- Opening Delimiter -

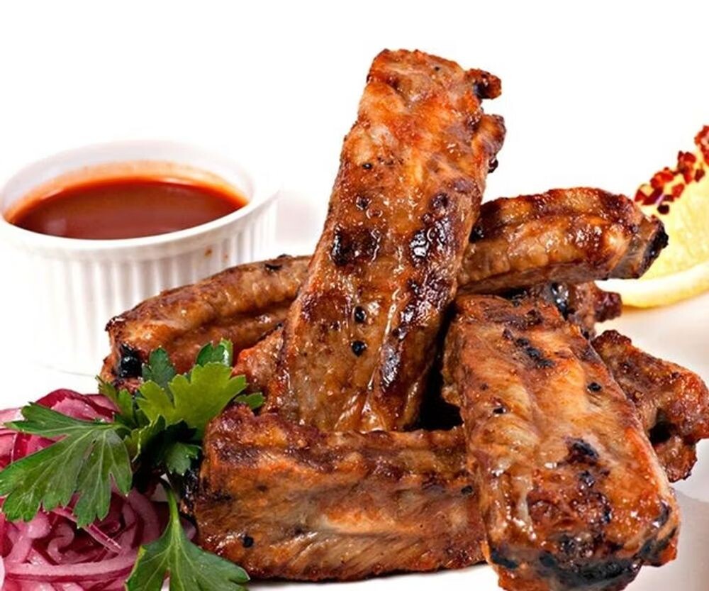 Свиные рёбра, лук маринованный, томаты черри,картофель по деревенски, зелень.
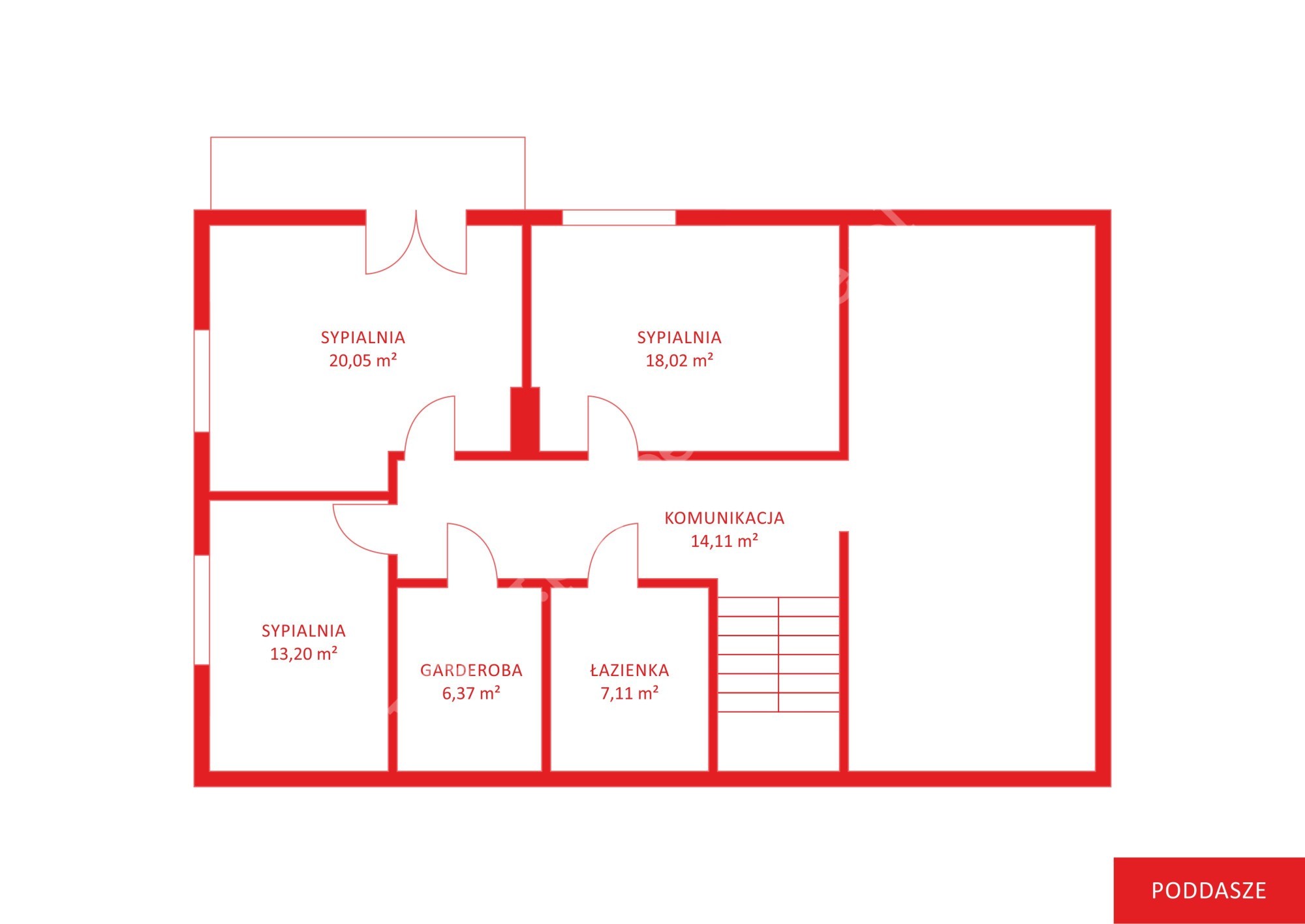 Poddasze – stan surowy do wykończenia – to część prywatna domu, przeznaczona głównie na sypialnie i strefę relaksu. Układ pomieszczeń jest następujący:
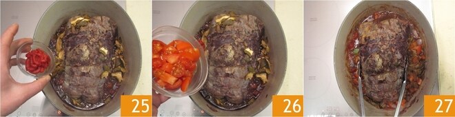 Agregad el concentrado de tomate 25 y los tomates frescos picados groseramente 26, luego dad la vuelta a la carne con las pinzas de cocina 27.
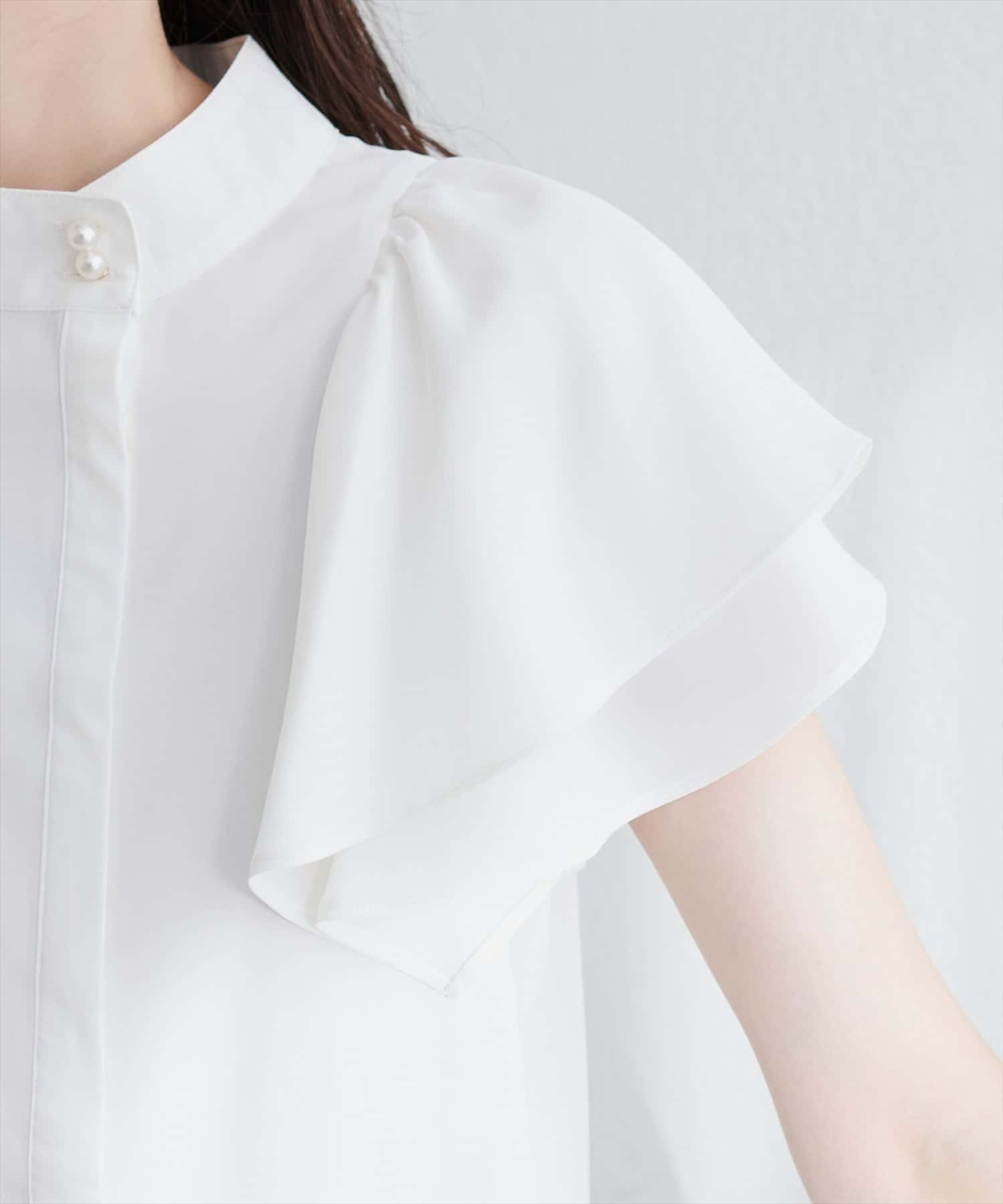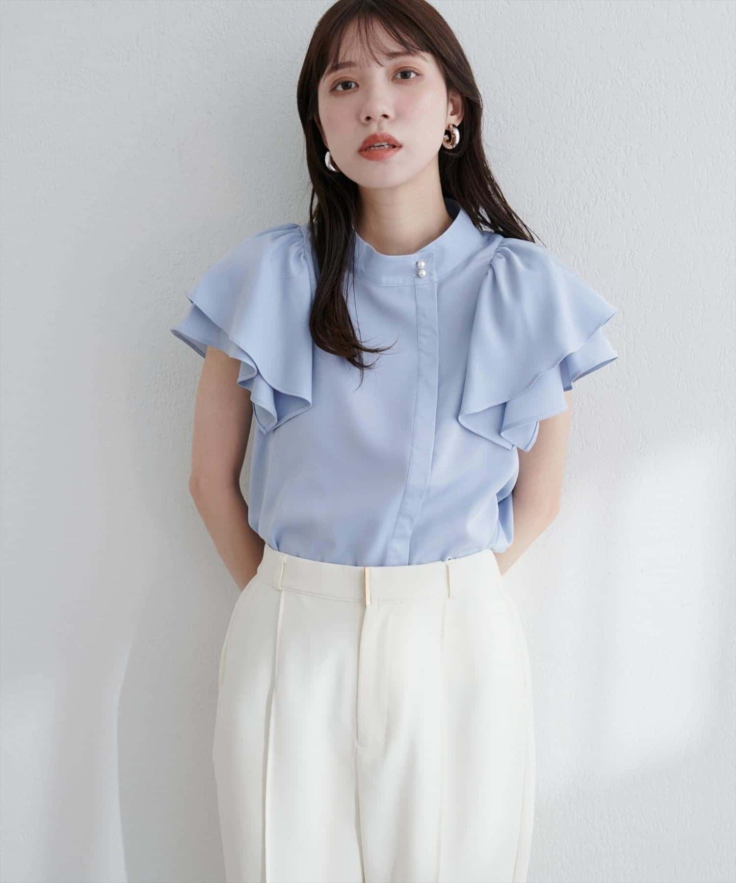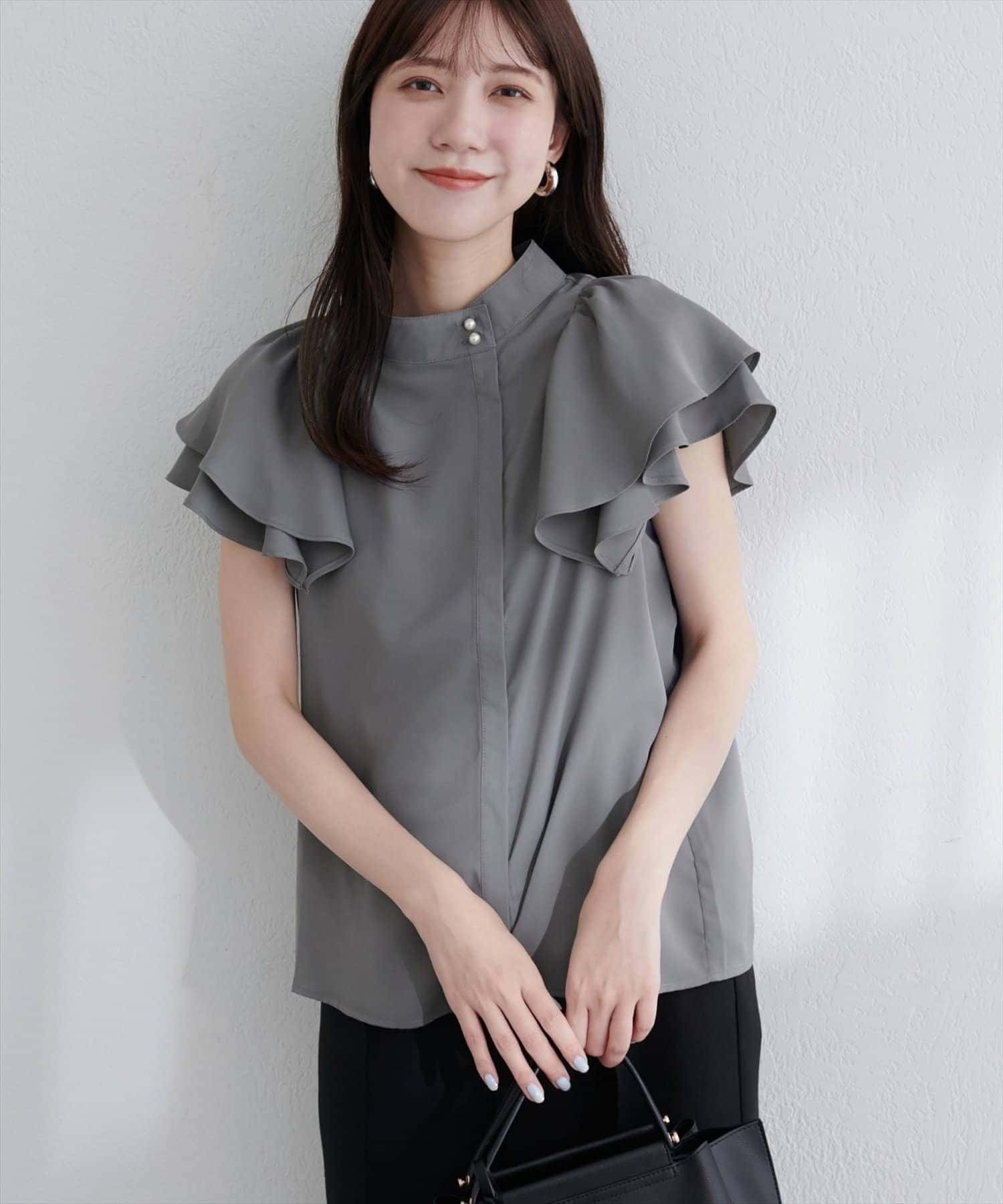 程良い甘さのラッフルフリルを贅沢に2枚仕立てにし、立体感のあるデザインに仕上げた大人レディな1着。

- Closing Delimiter -

* _EXERCISE AIM_
Reproduce only the lines from the first line of the listing above up to and including the line that holds "Poddasze – stan". Omit the pictures.

* _REPLY_
 Свиные рёбра, лук маринованный, томаты черри,картофель по деревенски, зелень.
 Poddasze – stan surowy do wykończenia – to część prywatna domu, przeznaczona głównie na sypialnie i strefę relaksu. Układ pomieszczeń jest następujący:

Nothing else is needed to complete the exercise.